The ESGBP has observed the nature and distribution of grizzly bear dens since the initiation of the project in 1994. In particular, research has focused on identifying the characteristics of den sites used by radio-collared grizzly bears. In the fall, den sites are located with the use of aerial telemetry. The dens are then visited in the spring after the bears have moved on to spring feeding sites.
Grizzly bears almost always dig their own dens but, on occasion, they will use a natural chamber such as a cave or hollow tree. One radio-collared female with three cubs used a natural rock cave for several winters. Grizzly bears often show a preference for a particular denning area. On two occasions, old den sites have been found within a few hundred meters of active den sites. Dens are usually dug horizontally into slopes, where the bear flings an incredible shower of rock and rubble out between its legs and down the mountainside. Each den contains a tunnel that opens up into a chamber lined with tree branches, grass or small twigs. Only once in a while will a grizzly bear re-use its den year after year. Most often, the dens collapse after the soil thaws in the spring, and the bear will choose a new den site for the coming winter.
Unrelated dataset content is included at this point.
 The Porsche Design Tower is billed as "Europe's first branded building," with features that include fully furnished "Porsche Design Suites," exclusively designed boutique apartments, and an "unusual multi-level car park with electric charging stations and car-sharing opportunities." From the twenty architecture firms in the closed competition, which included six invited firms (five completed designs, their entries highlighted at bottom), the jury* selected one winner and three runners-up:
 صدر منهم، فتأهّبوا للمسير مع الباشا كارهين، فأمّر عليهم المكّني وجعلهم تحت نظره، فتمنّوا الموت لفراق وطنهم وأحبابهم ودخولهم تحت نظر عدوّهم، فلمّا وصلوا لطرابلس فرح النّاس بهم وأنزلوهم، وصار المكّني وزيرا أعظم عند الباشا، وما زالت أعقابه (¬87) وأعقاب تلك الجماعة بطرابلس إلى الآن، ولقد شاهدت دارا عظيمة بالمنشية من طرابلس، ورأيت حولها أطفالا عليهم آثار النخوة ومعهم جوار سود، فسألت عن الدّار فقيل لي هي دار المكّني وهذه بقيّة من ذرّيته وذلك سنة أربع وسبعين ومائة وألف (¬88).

A number of standard measurements are taken with each site visit so that den characteristics may be compared. We have found that, on average, the total length of dens, measured from the entrance to the back of the den chamber is about 2m. The average width of the den entrance is 74cm and the average height of the entrance is 56cm. The chamber of the den is usually just large enough for the bear to curl up and turn about. The den chamber can be as wide 1.3m with a maximum average height of 98cm.
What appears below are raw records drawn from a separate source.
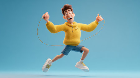 A joyful character happily skips rope with a big smile in a bright studio during daylight in a plain setting.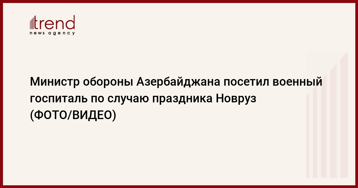 БАКУ /Trend/ - 19 марта министр обороны Азербайджана генерал-полковник Закир Гасанов и руководящий состав министерства посетили Главный клинический госпиталь Министерства обороны по случаю праздника Новруз, передает Trend со ссылкой на пресс-службу минобороны.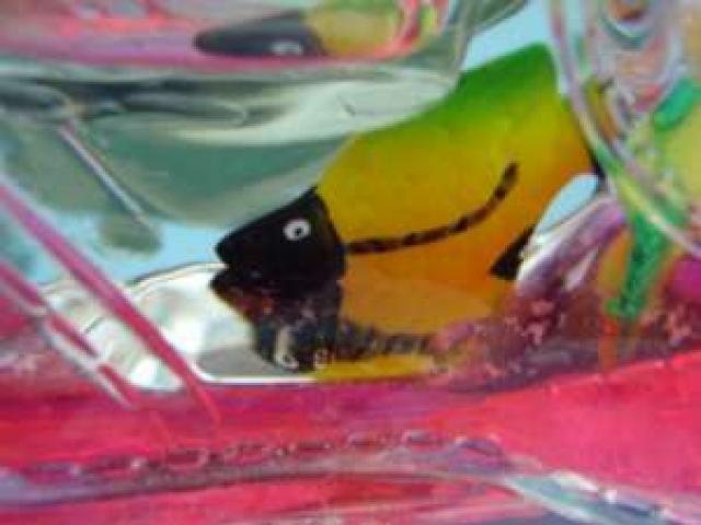 Gražus batukas su rožiniu vandeniu ir žuvytėmis jame :] Skirtas suspausti popieriui ir laikyti rašikliams, bet gali būt panaudotas ir kaip dekoracija.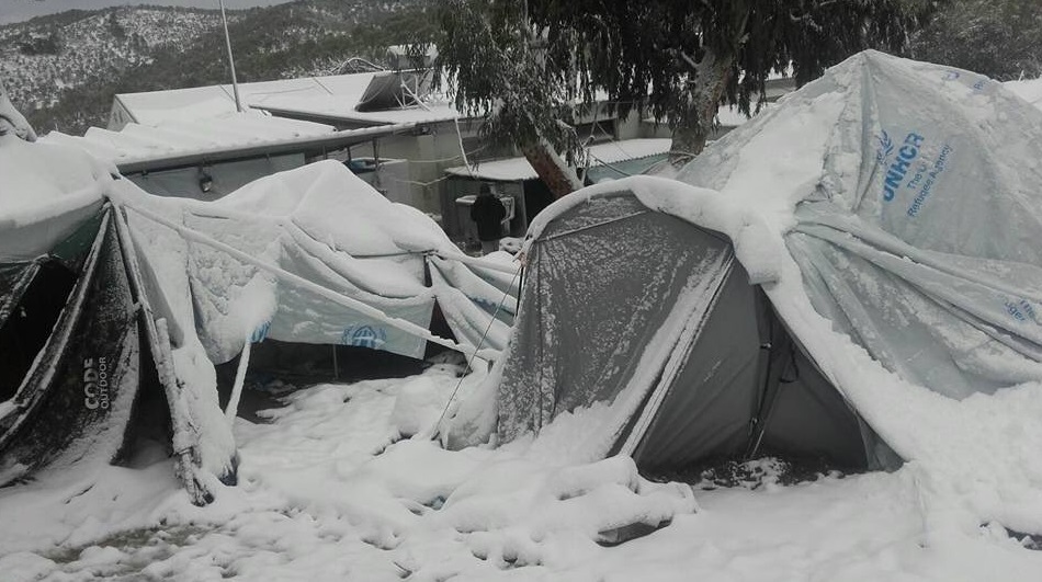 Στη Λέσβο τέλος, δύο θερμαινόμενες μεγάλες σκηνές έχουν στηθεί στη Μόρια για να αυξηθούν οι ζεστοί χώροι.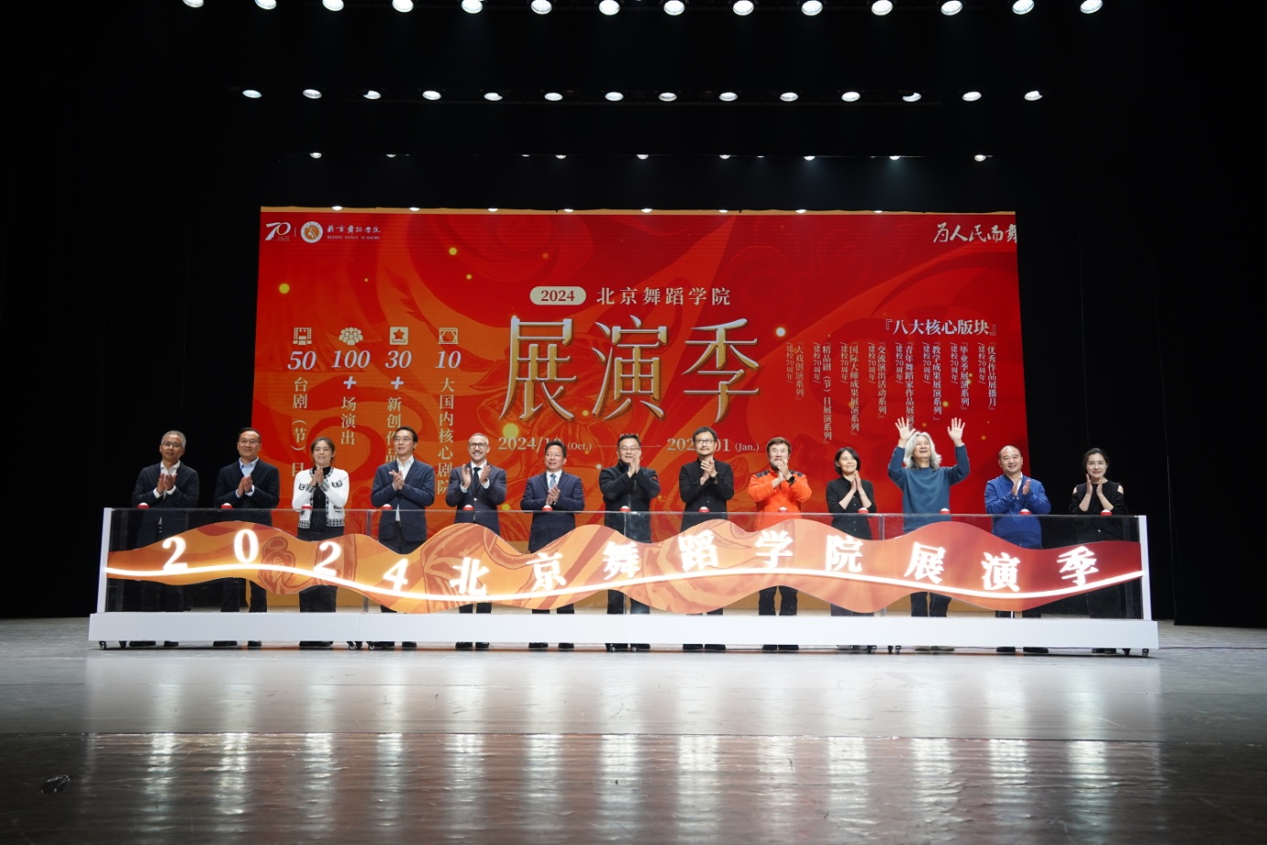 巴图、许锐、马新明、陈维亚、张良学、高度、卓依·马可尼里、张萍、孙巍、白靖毅、杨城、高度、杨树聪、杨佳瑜等领导嘉宾共同点亮启动装置,标志“2024北京舞蹈学院展演季”正式开幕。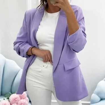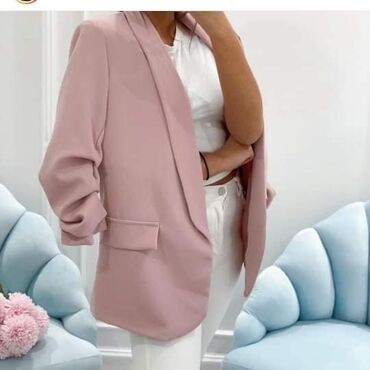 Ženski oversized blejzer sa kariranim (Prince of Wales) dezenom u sivoj nijansi. Model ravnog kroja, bez kopčanja, sa rever-kragnom i spuštenim ramenima. Dužina ispod kukova, 3/4 do pune dužine ruk...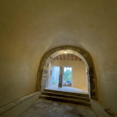 Enduits et badigeon dans la salle des fleurs de la cathédrale Saint Jean de Besançon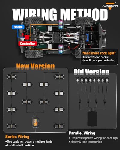 EXPAND YOUR ROCK LIGHT SYSTEM:? Simply expand your existing setup to 6 pods/ 8 pods/ 10 pods/ 12 pods rock lights with these 2-pod packs. To ensure optimal performance, limit each controller to a maximum of 12 pods

The location of a den site is also described in great detail in the field. Dens within the study area have been found in the upper sub-alpine at elevations between 2000m and 2450 m. The subalpine region is influenced by extreme temperatures and heavy precipitation. Available habitat ranges from open subalpine forest to herb meadows and avalanche chutes. Bears often dig dens with a particular slope orientation or aspect. Studies completed in the mid 1970s revealed that the aspects of bear dens in Banff National Park range between a compass orientation of 22.5°(NNE) and 112.5°(ESE). ESGBP research to date has found that the aspects of surveyed dens range between 117″ (ESE) and 295″ (WNW). The compass orientation of dens can vary widely, according to local climate and terrain. Bears usually try to dig their dens in deep snow where the entrance is sheltered from strong winds. A thick blanket of snow accumulates over the entrance and provides a layer of insulation for the long winter.
Grizzly bears have a preference for den sites with a specific slope angle. Many of the study area dens have been dug into slopes which have an angle of roughly 30 degrees. Studies have shown that this slope angle is steep enough that there is plenty of soil or rock overhead to form a nice thick den roof that is unlikely to collapse during the winter (Vroom et al 1980). In addition, this slope angle is shallow enough for the den opening to be covered by a heavy blanket of snow (Vroom et al 1980).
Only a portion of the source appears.